Problem description:
Leave out every picture, and restate word for word only the lines from the one containing "ZANZEA Женское классическое" through the end of the material.
◆ ◆ ◆
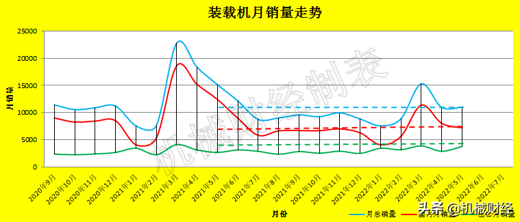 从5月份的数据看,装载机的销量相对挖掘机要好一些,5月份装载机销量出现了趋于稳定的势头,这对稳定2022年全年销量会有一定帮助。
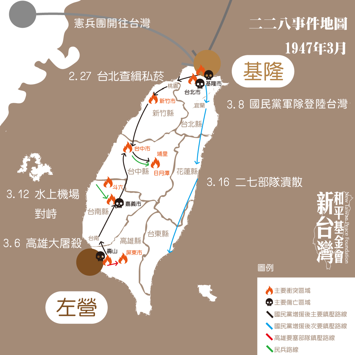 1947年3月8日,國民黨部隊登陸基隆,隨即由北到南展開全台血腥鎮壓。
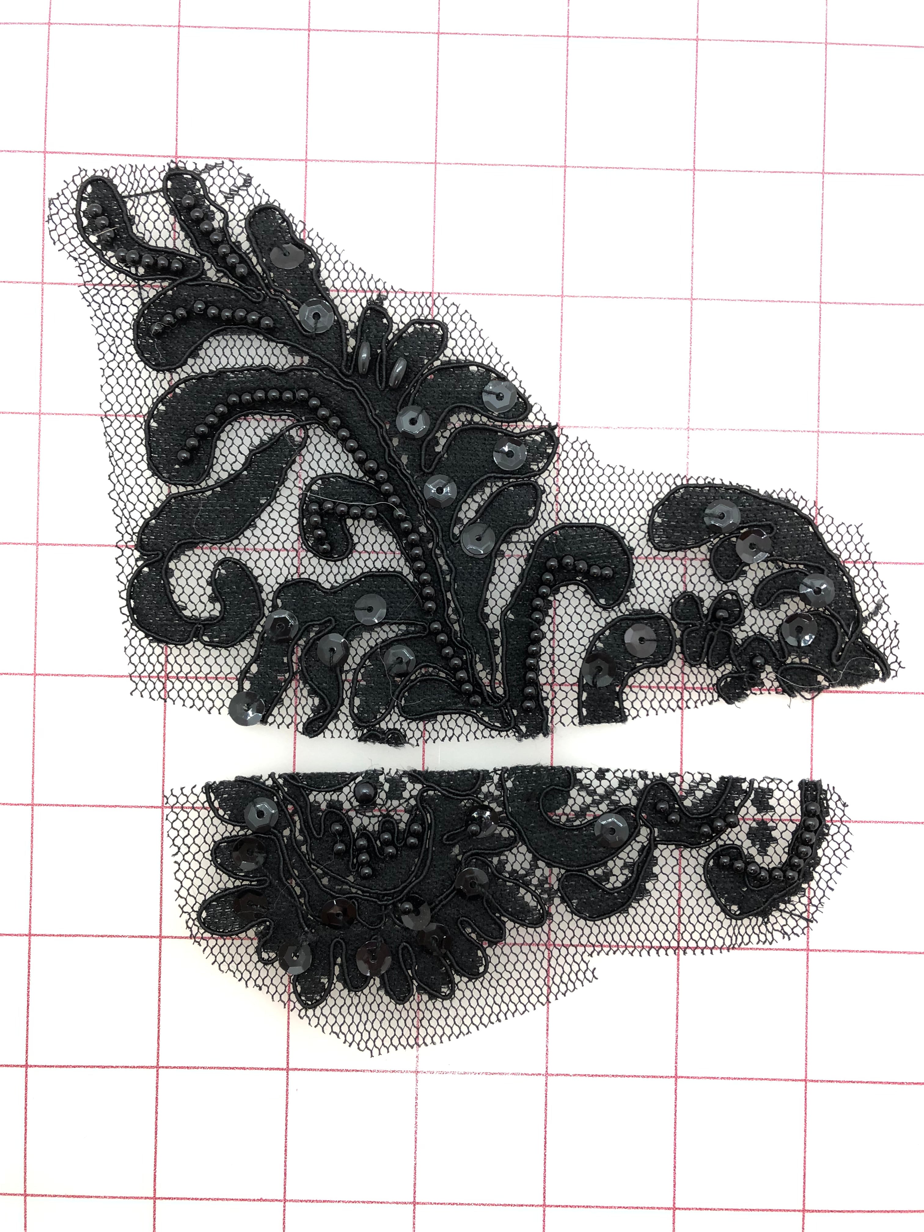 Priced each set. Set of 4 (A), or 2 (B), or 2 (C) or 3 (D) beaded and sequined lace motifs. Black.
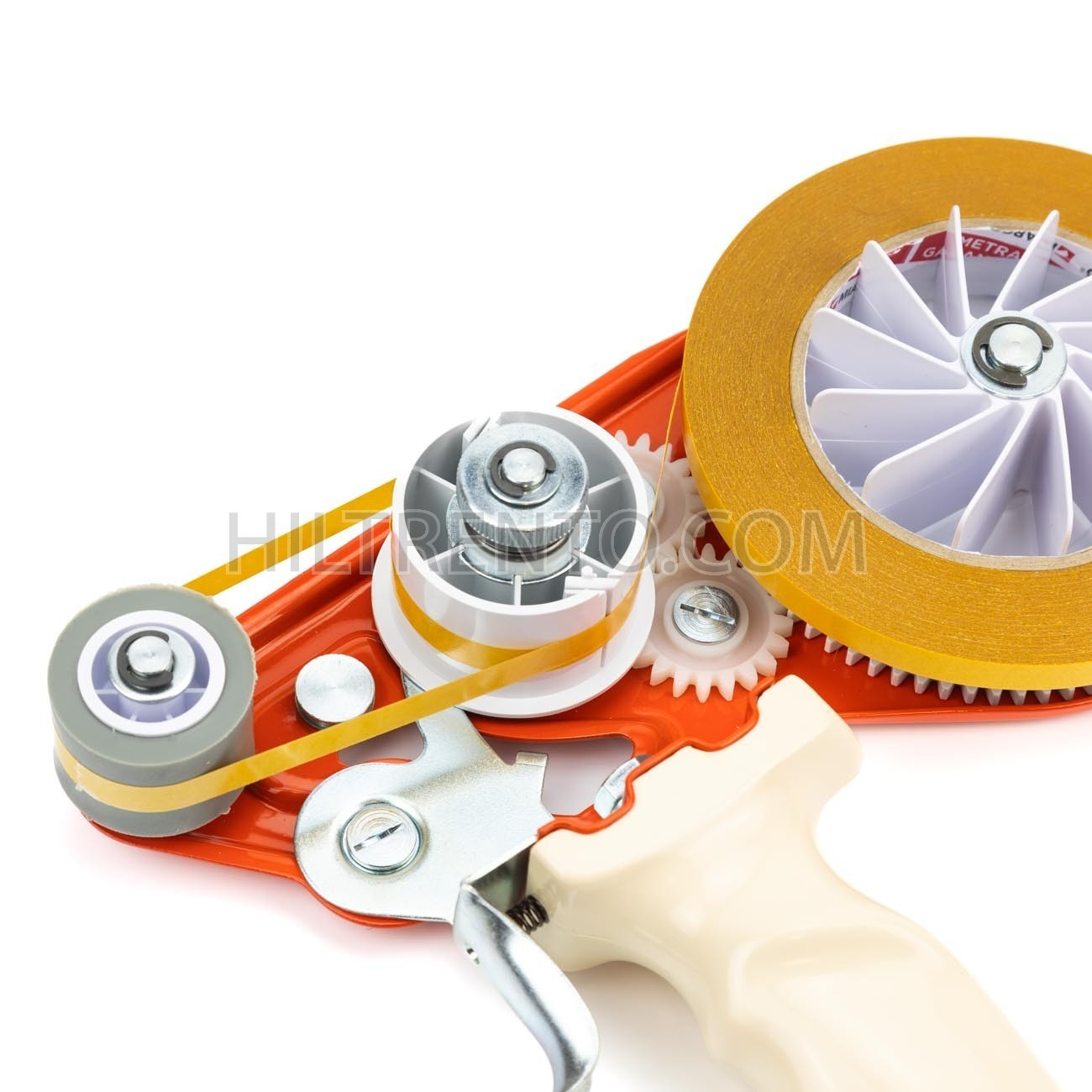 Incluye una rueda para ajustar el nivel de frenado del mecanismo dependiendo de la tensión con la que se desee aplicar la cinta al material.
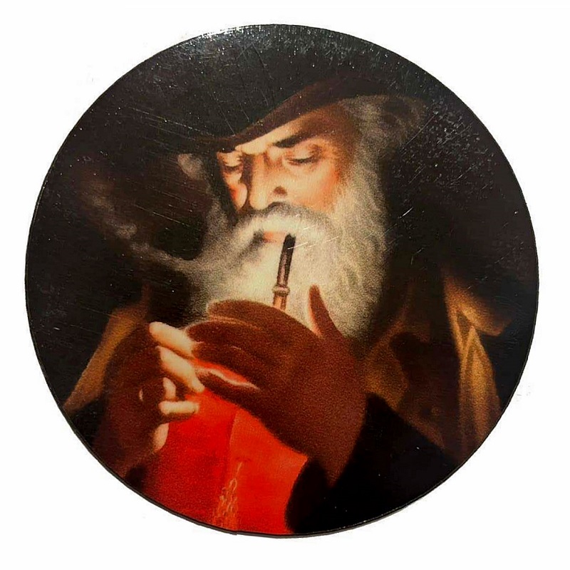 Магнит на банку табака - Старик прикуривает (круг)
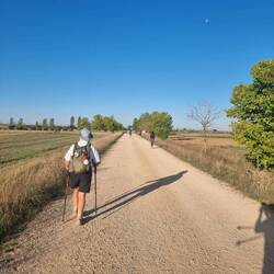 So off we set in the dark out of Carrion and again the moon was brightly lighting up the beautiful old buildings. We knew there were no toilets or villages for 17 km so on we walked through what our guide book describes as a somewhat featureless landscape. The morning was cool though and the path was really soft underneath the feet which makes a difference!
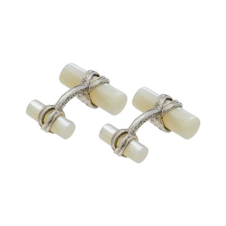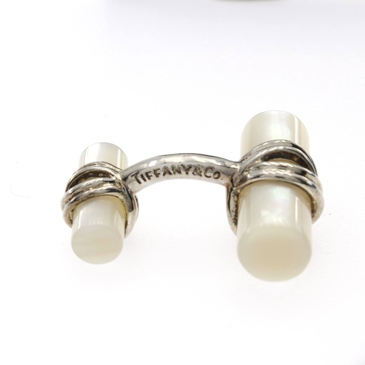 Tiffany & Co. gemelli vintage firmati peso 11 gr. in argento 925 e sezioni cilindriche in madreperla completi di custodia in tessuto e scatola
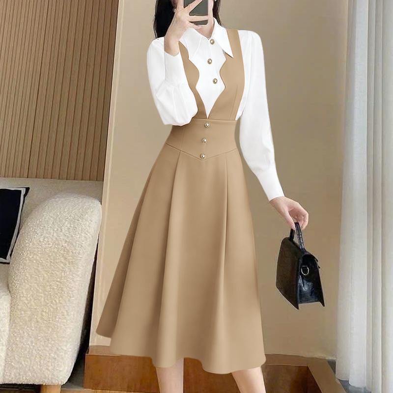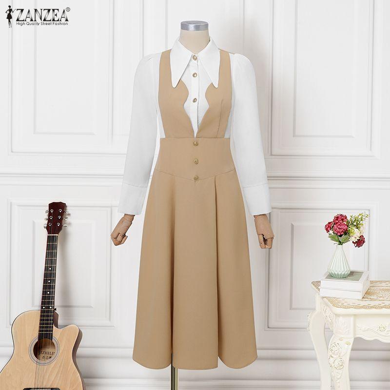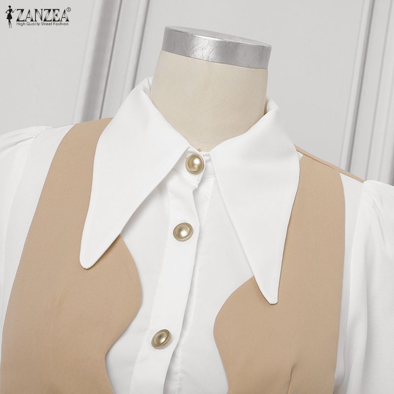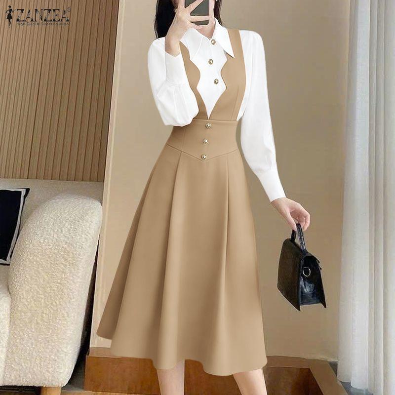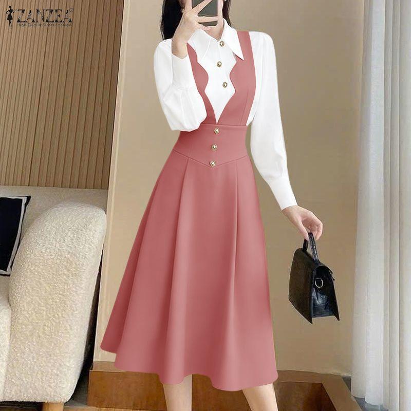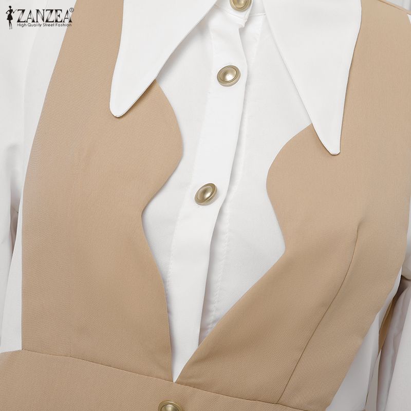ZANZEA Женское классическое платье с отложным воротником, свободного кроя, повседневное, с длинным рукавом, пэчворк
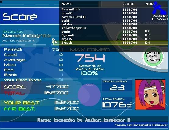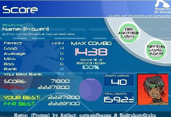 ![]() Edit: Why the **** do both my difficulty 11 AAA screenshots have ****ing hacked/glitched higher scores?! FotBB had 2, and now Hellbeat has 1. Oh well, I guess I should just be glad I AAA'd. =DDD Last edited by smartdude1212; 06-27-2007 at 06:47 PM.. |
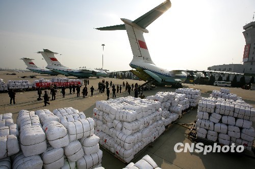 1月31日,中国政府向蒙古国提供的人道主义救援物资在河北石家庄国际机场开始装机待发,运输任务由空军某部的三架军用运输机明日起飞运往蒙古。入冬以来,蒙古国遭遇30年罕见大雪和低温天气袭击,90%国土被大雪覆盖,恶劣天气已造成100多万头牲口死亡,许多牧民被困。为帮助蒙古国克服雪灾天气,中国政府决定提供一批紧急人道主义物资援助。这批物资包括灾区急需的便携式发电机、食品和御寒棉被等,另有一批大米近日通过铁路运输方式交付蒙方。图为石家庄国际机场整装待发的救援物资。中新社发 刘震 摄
◆ ◆ ◆
Exercise solution:
ZANZEA Женское классическое платье с отложным воротником, свободного кроя, повседневное, с длинным рукавом, пэчворк
 ![]() Edit: Why the **** do both my difficulty 11 AAA screenshots have ****ing hacked/glitched higher scores?! FotBB had 2, and now Hellbeat has 1. Oh well, I guess I should just be glad I AAA'd. =DDD Last edited by smartdude1212; 06-27-2007 at 06:47 PM.. |
 1月31日,中国政府向蒙古国提供的人道主义救援物资在河北石家庄国际机场开始装机待发,运输任务由空军某部的三架军用运输机明日起飞运往蒙古。入冬以来,蒙古国遭遇30年罕见大雪和低温天气袭击,90%国土被大雪覆盖,恶劣天气已造成100多万头牲口死亡,许多牧民被困。为帮助蒙古国克服雪灾天气,中国政府决定提供一批紧急人道主义物资援助。这批物资包括灾区急需的便携式发电机、食品和御寒棉被等,另有一批大米近日通过铁路运输方式交付蒙方。图为石家庄国际机场整装待发的救援物资。中新社发 刘震 摄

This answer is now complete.